CANAMRF: An Attention-Based Model for Multimodal Depression Detection
Yuntao Wei, Yuzhe Zhang, Shuyang Zhang, Hong Zhang
TL;DR
CANAMRF tackles multimodal depression detection by learning to weigh and fuse cues from textual, visual, acoustic, and a novel sentiment structural modality through an Adaptive Multimodal Recurrent Fusion (AMRF) framework and a Hybrid Attention Module. The approach introduces a sentiment structural modality to augment information and employs cross-modal and self-attention to generate discriminative representations for depression prediction. Empirical results on CMDC and EATD-Corpus demonstrate state-of-the-art performance, outperforming strong baselines across F1 and related metrics.
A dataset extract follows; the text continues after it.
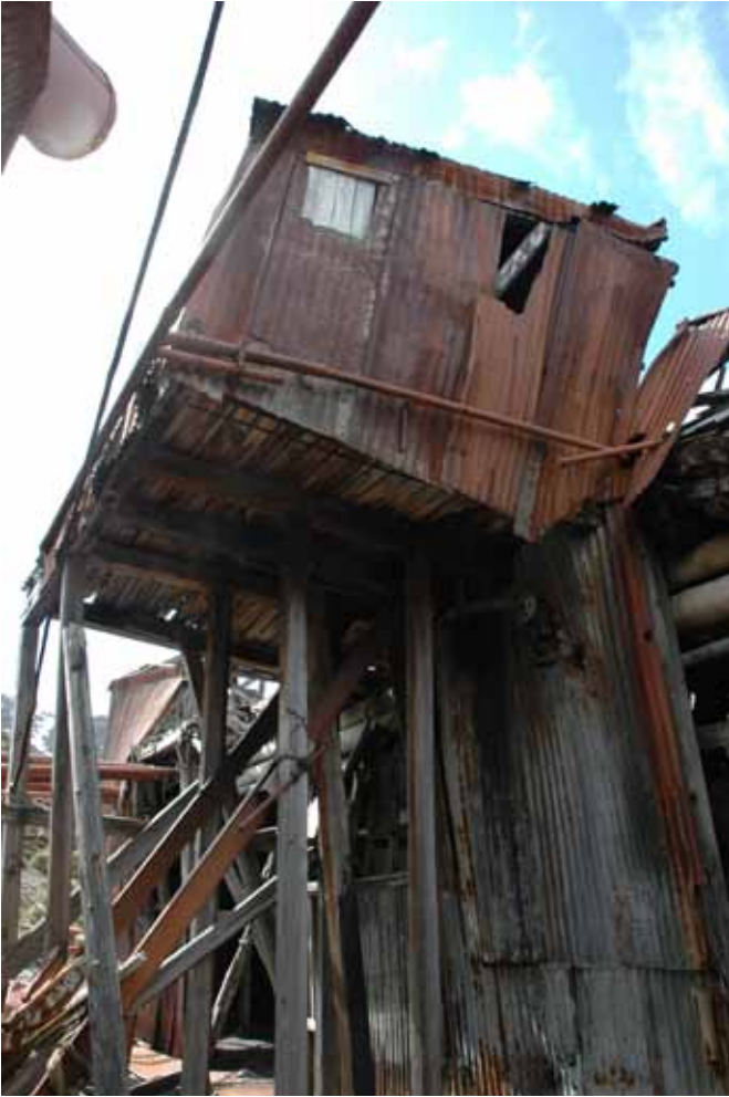
207.2 Collapsing winch house next to the bone loft

This adaptive, attention-driven fusion framework offers a scalable path toward more accurate, real-time multimodal depression screening in practical settings.
Abstract
Multimodal depression detection is an important research topic that aims to predict human mental states using multimodal data. Previous methods treat different modalities equally and fuse each modality by naïve mathematical operations without measuring the relative importance between them, which cannot obtain well-performed multimodal representations for downstream depression tasks. In order to tackle the aforementioned concern, we present a Cross-modal Attention Network with Adaptive Multi-modal Recurrent Fusion (CANAMRF) for multimodal depression detection. CANAMRF is constructed by a multimodal feature extractor, an Adaptive Multimodal Recurrent Fusion module, and a Hybrid Attention Module. Through experimentation on two benchmark datasets, CANAMRF demonstrates state-of-the-art performance, underscoring the effectiveness of our proposed approach.